╔══

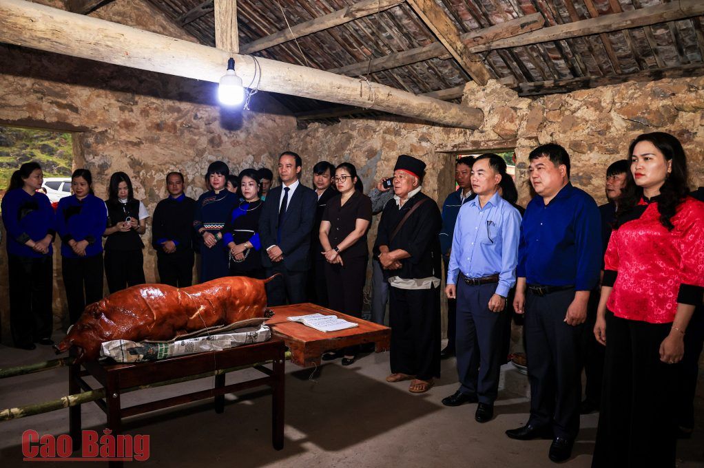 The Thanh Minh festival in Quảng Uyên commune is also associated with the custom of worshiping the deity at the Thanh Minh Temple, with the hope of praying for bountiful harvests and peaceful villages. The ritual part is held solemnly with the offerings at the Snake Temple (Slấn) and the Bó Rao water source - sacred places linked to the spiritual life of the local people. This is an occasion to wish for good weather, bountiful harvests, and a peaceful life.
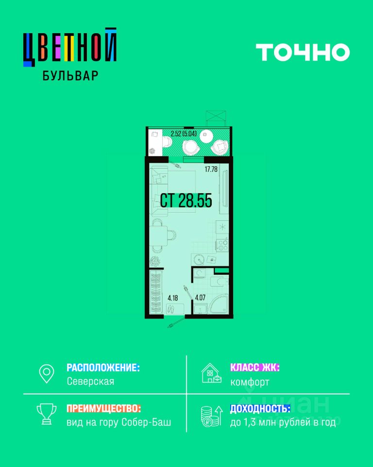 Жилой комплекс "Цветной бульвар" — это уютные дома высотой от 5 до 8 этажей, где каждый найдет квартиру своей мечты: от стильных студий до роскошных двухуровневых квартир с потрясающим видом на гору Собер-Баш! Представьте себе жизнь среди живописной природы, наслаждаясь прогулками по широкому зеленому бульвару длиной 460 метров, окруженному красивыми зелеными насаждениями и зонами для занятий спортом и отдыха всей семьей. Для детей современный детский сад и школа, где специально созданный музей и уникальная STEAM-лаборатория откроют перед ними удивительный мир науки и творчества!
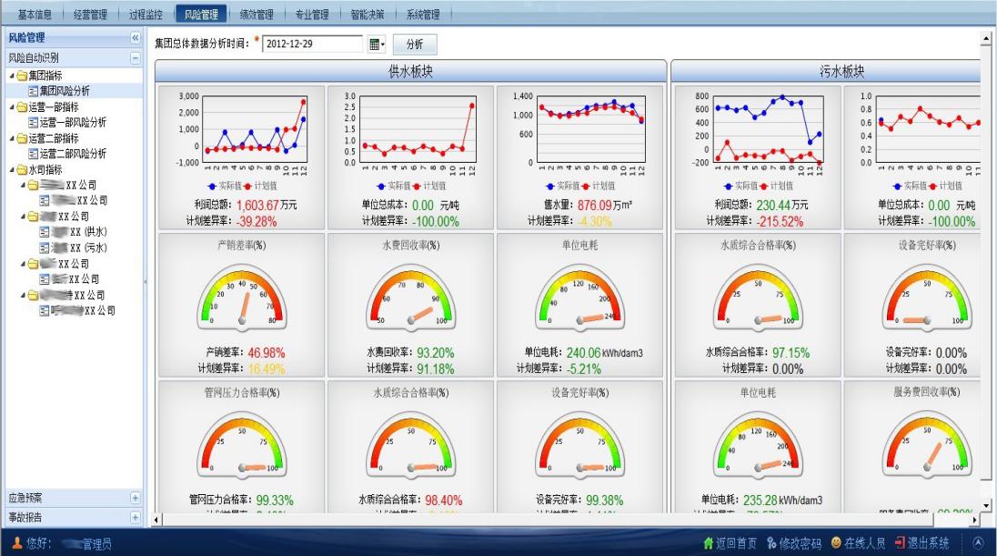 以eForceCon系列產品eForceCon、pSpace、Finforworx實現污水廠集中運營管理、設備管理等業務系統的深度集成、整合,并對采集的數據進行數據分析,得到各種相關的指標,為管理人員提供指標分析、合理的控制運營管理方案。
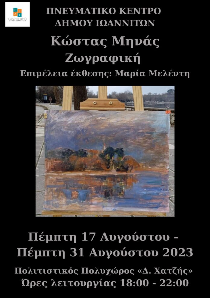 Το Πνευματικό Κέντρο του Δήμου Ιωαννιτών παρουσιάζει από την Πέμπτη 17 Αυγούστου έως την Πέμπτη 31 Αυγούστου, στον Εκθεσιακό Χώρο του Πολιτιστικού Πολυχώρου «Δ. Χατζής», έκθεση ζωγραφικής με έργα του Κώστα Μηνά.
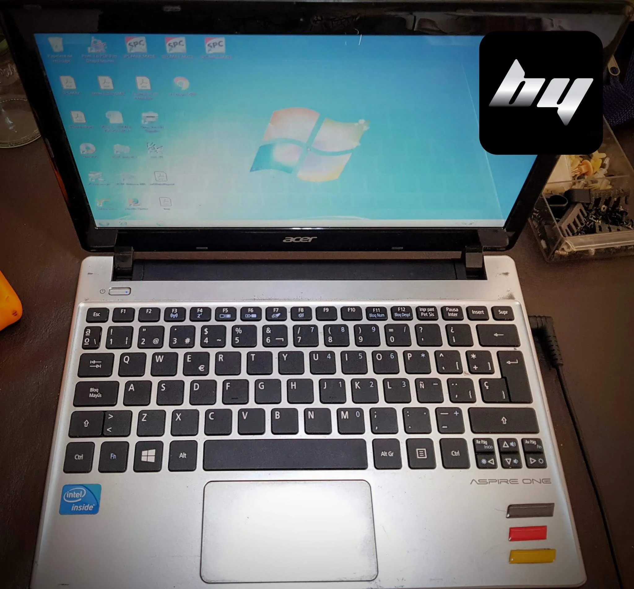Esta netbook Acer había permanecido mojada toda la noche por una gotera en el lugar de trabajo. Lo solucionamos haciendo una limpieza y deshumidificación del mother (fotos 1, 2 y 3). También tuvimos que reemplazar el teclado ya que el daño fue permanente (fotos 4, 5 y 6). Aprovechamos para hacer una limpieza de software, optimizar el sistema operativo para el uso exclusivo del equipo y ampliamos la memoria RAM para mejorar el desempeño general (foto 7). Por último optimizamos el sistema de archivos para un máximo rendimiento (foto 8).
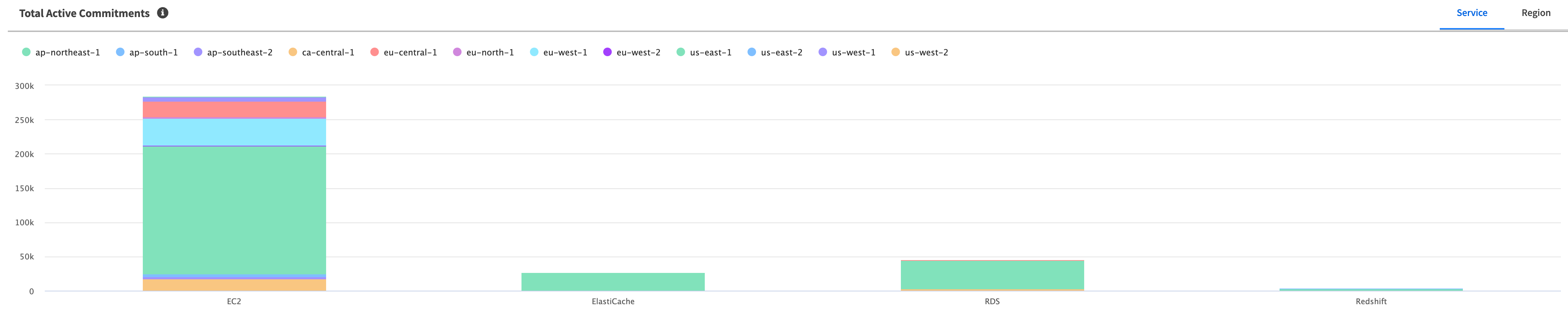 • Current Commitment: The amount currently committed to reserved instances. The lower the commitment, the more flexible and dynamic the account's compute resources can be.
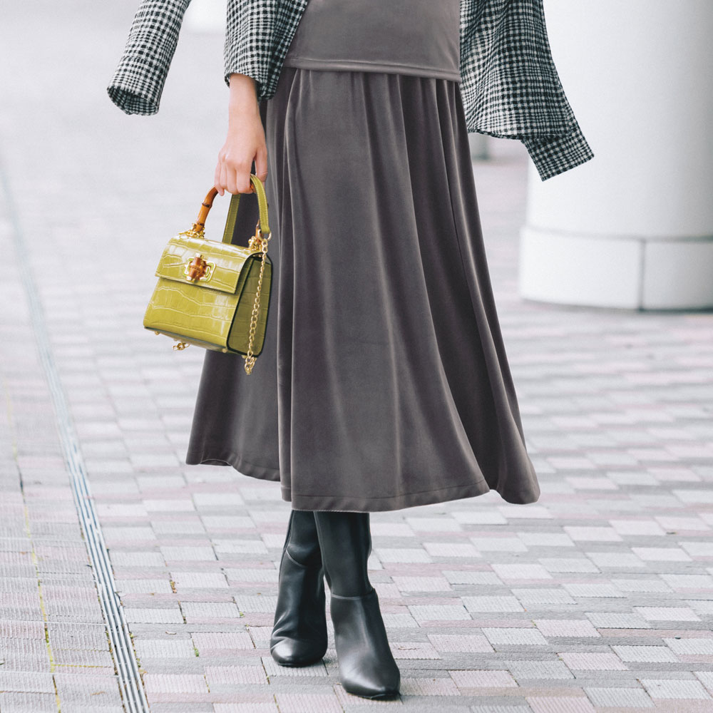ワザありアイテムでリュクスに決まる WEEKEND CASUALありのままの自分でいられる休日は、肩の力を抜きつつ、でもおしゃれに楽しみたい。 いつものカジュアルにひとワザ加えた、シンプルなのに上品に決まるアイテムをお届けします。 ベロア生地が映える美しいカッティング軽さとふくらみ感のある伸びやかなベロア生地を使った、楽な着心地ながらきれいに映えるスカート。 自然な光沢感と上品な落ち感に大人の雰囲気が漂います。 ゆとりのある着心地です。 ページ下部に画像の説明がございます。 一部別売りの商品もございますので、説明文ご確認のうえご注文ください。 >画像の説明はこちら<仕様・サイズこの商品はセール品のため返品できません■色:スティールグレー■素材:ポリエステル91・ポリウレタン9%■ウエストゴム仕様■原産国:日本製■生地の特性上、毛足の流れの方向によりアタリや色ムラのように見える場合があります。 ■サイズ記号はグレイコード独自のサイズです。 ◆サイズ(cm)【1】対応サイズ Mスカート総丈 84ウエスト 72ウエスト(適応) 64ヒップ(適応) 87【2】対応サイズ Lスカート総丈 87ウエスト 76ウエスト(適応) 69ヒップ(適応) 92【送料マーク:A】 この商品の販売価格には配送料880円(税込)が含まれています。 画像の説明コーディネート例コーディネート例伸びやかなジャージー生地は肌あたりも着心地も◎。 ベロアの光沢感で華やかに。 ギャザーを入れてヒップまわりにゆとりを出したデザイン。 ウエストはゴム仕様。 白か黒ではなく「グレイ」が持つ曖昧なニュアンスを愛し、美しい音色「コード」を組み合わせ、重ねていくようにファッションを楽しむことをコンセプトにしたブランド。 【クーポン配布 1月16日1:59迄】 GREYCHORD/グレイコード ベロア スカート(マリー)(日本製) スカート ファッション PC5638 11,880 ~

╚══

[Problem requirements]
Please set down the records exactly, and keep every image out of the copy.

[Completed task]
 The Thanh Minh festival in Quảng Uyên commune is also associated with the custom of worshiping the deity at the Thanh Minh Temple, with the hope of praying for bountiful harvests and peaceful villages. The ritual part is held solemnly with the offerings at the Snake Temple (Slấn) and the Bó Rao water source - sacred places linked to the spiritual life of the local people. This is an occasion to wish for good weather, bountiful harvests, and a peaceful life.
 Жилой комплекс "Цветной бульвар" — это уютные дома высотой от 5 до 8 этажей, где каждый найдет квартиру своей мечты: от стильных студий до роскошных двухуровневых квартир с потрясающим видом на гору Собер-Баш! Представьте себе жизнь среди живописной природы, наслаждаясь прогулками по широкому зеленому бульвару длиной 460 метров, окруженному красивыми зелеными насаждениями и зонами для занятий спортом и отдыха всей семьей. Для детей современный детский сад и школа, где специально созданный музей и уникальная STEAM-лаборатория откроют перед ними удивительный мир науки и творчества!
 以eForceCon系列產品eForceCon、pSpace、Finforworx實現污水廠集中運營管理、設備管理等業務系統的深度集成、整合,并對采集的數據進行數據分析,得到各種相關的指標,為管理人員提供指標分析、合理的控制運營管理方案。
 Το Πνευματικό Κέντρο του Δήμου Ιωαννιτών παρουσιάζει από την Πέμπτη 17 Αυγούστου έως την Πέμπτη 31 Αυγούστου, στον Εκθεσιακό Χώρο του Πολιτιστικού Πολυχώρου «Δ. Χατζής», έκθεση ζωγραφικής με έργα του Κώστα Μηνά.
Esta netbook Acer había permanecido mojada toda la noche por una gotera en el lugar de trabajo. Lo solucionamos haciendo una limpieza y deshumidificación del mother (fotos 1, 2 y 3). También tuvimos que reemplazar el teclado ya que el daño fue permanente (fotos 4, 5 y 6). Aprovechamos para hacer una limpieza de software, optimizar el sistema operativo para el uso exclusivo del equipo y ampliamos la memoria RAM para mejorar el desempeño general (foto 7). Por último optimizamos el sistema de archivos para un máximo rendimiento (foto 8).
 • Current Commitment: The amount currently committed to reserved instances. The lower the commitment, the more flexible and dynamic the account's compute resources can be.
ワザありアイテムでリュクスに決まる WEEKEND CASUALありのままの自分でいられる休日は、肩の力を抜きつつ、でもおしゃれに楽しみたい。 いつものカジュアルにひとワザ加えた、シンプルなのに上品に決まるアイテムをお届けします。 ベロア生地が映える美しいカッティング軽さとふくらみ感のある伸びやかなベロア生地を使った、楽な着心地ながらきれいに映えるスカート。 自然な光沢感と上品な落ち感に大人の雰囲気が漂います。 ゆとりのある着心地です。 ページ下部に画像の説明がございます。 一部別売りの商品もございますので、説明文ご確認のうえご注文ください。 >画像の説明はこちら<仕様・サイズこの商品はセール品のため返品できません■色:スティールグレー■素材:ポリエステル91・ポリウレタン9%■ウエストゴム仕様■原産国:日本製■生地の特性上、毛足の流れの方向によりアタリや色ムラのように見える場合があります。 ■サイズ記号はグレイコード独自のサイズです。 ◆サイズ(cm)【1】対応サイズ Mスカート総丈 84ウエスト 72ウエスト(適応) 64ヒップ(適応) 87【2】対応サイズ Lスカート総丈 87ウエスト 76ウエスト(適応) 69ヒップ(適応) 92【送料マーク:A】 この商品の販売価格には配送料880円(税込)が含まれています。 画像の説明コーディネート例コーディネート例伸びやかなジャージー生地は肌あたりも着心地も◎。 ベロアの光沢感で華やかに。 ギャザーを入れてヒップまわりにゆとりを出したデザイン。 ウエストはゴム仕様。 白か黒ではなく「グレイ」が持つ曖昧なニュアンスを愛し、美しい音色「コード」を組み合わせ、重ねていくようにファッションを楽しむことをコンセプトにしたブランド。 【クーポン配布 1月16日1:59迄】 GREYCHORD/グレイコード ベロア スカート(マリー)(日本製) スカート ファッション PC5638 11,880 ~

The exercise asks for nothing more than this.